There is a scene when the alien navigation is turned on and David revolves in a holosphere of planets. Cue: “This is the bit where you are meant to be in awe, cue lots of 3D (yes, I saw it in 3D, which added nothing) and swelling orchestral music, come on people, say wow!” It is so manipulative as to be obvious. The music in Alien is always understated, but in Prometheus it frequently barges in as either ‘epic’ or ‘generic action movie’.
How does the robot David know how to extract a drop of bio-contaminant, and then infect a human with it, acting as if he knew it would lead to the birth of an alien? This was their first encounter with the race and their technology. The reason seems to be just so that the writer can set up later scenes.
There is an expensive medical system on the ship. What do we find out when it is used? That it is only designed for male biology. What? Despite their advanced technology, they can’t come up with a machine designed for men and women? It was just silly. A broken arm or heart issue would be the same in either sex. And even though this is a super-advanced surgery machine, it does not anaesthetise the patient prior to surgery, forcing them to undergo major operations with just a mild spray to numb the surface skin. In a future where robots have been designed that are superior (and indistinguishable from) humans, this is silly.

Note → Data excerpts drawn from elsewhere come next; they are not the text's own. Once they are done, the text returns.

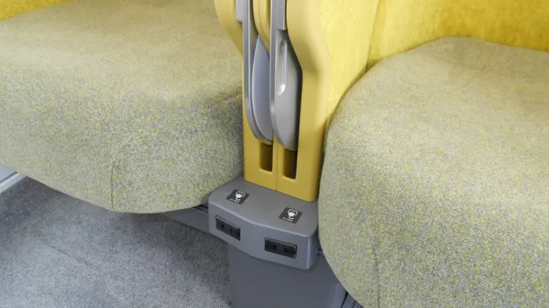 ▲座椅都附有插座,能隨時充電、辦公,椅背與扶手都設有收納桌,相當便利。
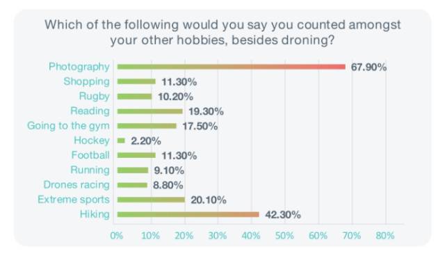 而且,绝大多数无人机用户的兴趣爱好是摄影(67.9%),而不是电子游戏或电影。
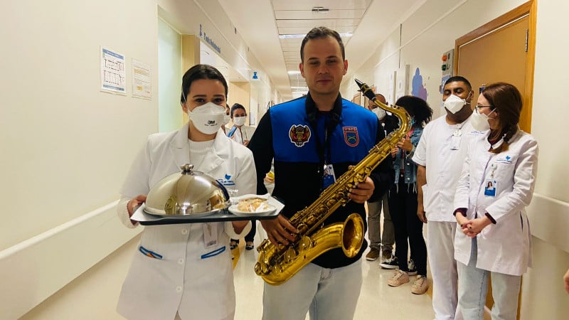 Saxofone e torta de chocolate marcam os 59 anos de casamento de paciente internado
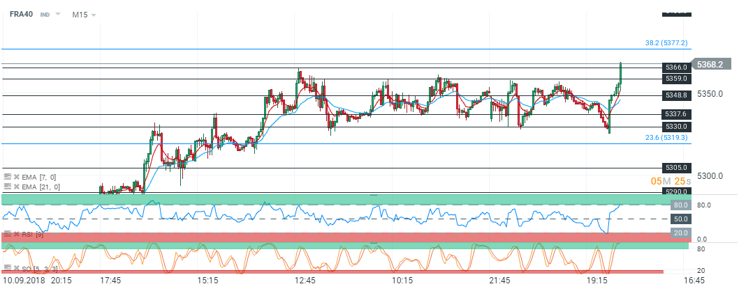 Représentation technique du CAC40 (FRA40), en 15 minutes
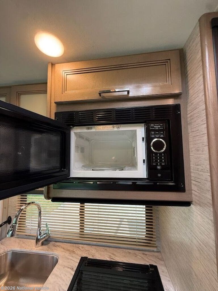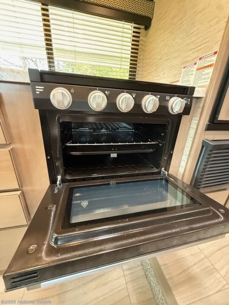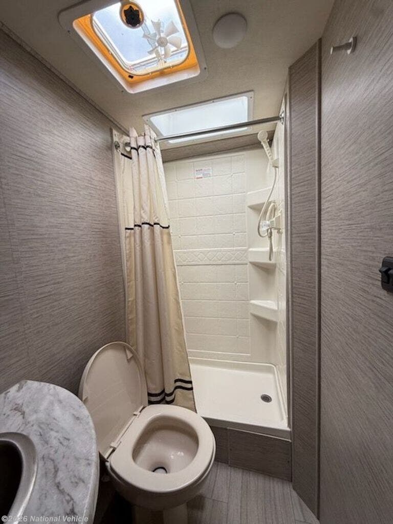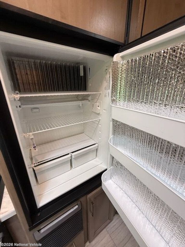 Inside, you?ll find a versatile living area with a booth dinette and cab-over bunk for added sleeping space. The fully equipped kitchen includes a cooktop, microwave, refrigerator, and ample storage?everything you need to prepare meals on the go.

The rolling spaceship scene. Did it really take her that long to work out to move sideways to get out of its way? Again, visual effects and fake tension put before realistic behaviours.
Guy Pearce is a great actor, I love his work. However, his inclusion in this film as an old man was just strange. It detracted rather than adding anything, partly because the makeup effects were so obviously that - makeup. What would have worked better would have been using a real old man. There are many who are fantastic actors and would have loved a job. Hollywood seems so addicted to the artificial and averse to age that it would rather take a young person and cover them in unconvincing makeup than use a real old person in the film.
The characters were one dimensional apart from Michael Fassbender and Kate Dickie. It would have been a better film if she had been the main character. If you haven’t seen her in Red Road you are missing out on a realistic, sad, sometimes scary, yet uplifting film.
These irritations mean that, for me, Prometheus is the inferior film to Alien. It entertains, and is worth seeing, but sadly flash-bang often replaces good story. Maybe that is the general truth behind films designed with 3D glasses in mind.